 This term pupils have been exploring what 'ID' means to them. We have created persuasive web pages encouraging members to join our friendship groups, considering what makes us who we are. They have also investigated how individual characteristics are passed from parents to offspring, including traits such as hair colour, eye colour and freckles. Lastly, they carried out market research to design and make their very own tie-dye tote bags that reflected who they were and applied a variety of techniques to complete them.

* * *

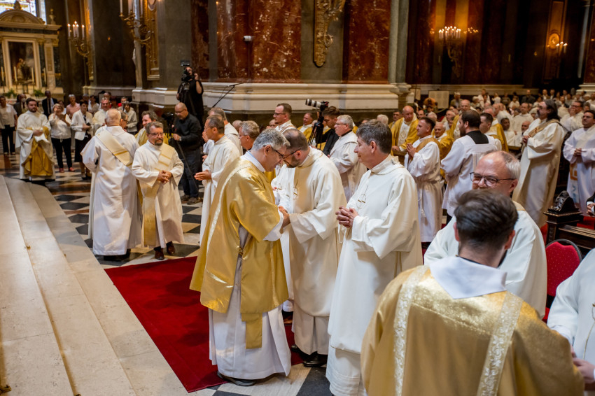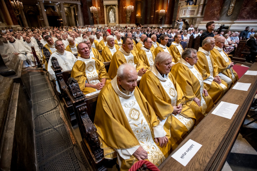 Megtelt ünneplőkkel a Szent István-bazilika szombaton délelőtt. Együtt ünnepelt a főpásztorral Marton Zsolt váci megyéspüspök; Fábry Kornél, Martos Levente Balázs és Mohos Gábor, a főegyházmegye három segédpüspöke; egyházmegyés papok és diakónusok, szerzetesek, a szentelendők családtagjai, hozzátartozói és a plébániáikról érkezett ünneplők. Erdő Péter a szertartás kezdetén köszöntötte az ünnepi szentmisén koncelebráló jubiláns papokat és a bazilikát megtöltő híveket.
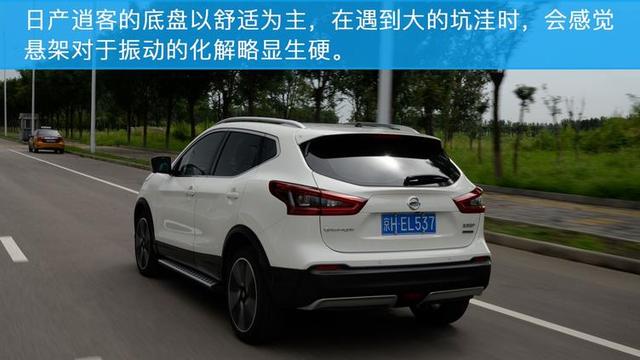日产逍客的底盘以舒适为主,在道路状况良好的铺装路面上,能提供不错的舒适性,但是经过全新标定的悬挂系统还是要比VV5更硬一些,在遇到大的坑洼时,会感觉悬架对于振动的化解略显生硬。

◆ **EXERCISE AIM**:
Precisely those lines above that run from the line with "Megtelt ünneplőkkel a" up to and including the line with "日产逍客的底盘以舒适为主,在" are to be set down, with the pictures omitted.

◆ **ANSWER TO THIS PROBLEM**:
 Megtelt ünneplőkkel a Szent István-bazilika szombaton délelőtt. Együtt ünnepelt a főpásztorral Marton Zsolt váci megyéspüspök; Fábry Kornél, Martos Levente Balázs és Mohos Gábor, a főegyházmegye három segédpüspöke; egyházmegyés papok és diakónusok, szerzetesek, a szentelendők családtagjai, hozzátartozói és a plébániáikról érkezett ünneplők. Erdő Péter a szertartás kezdetén köszöntötte az ünnepi szentmisén koncelebráló jubiláns papokat és a bazilikát megtöltő híveket.
日产逍客的底盘以舒适为主,在道路状况良好的铺装路面上,能提供不错的舒适性,但是经过全新标定的悬挂系统还是要比VV5更硬一些,在遇到大的坑洼时,会感觉悬架对于振动的化解略显生硬。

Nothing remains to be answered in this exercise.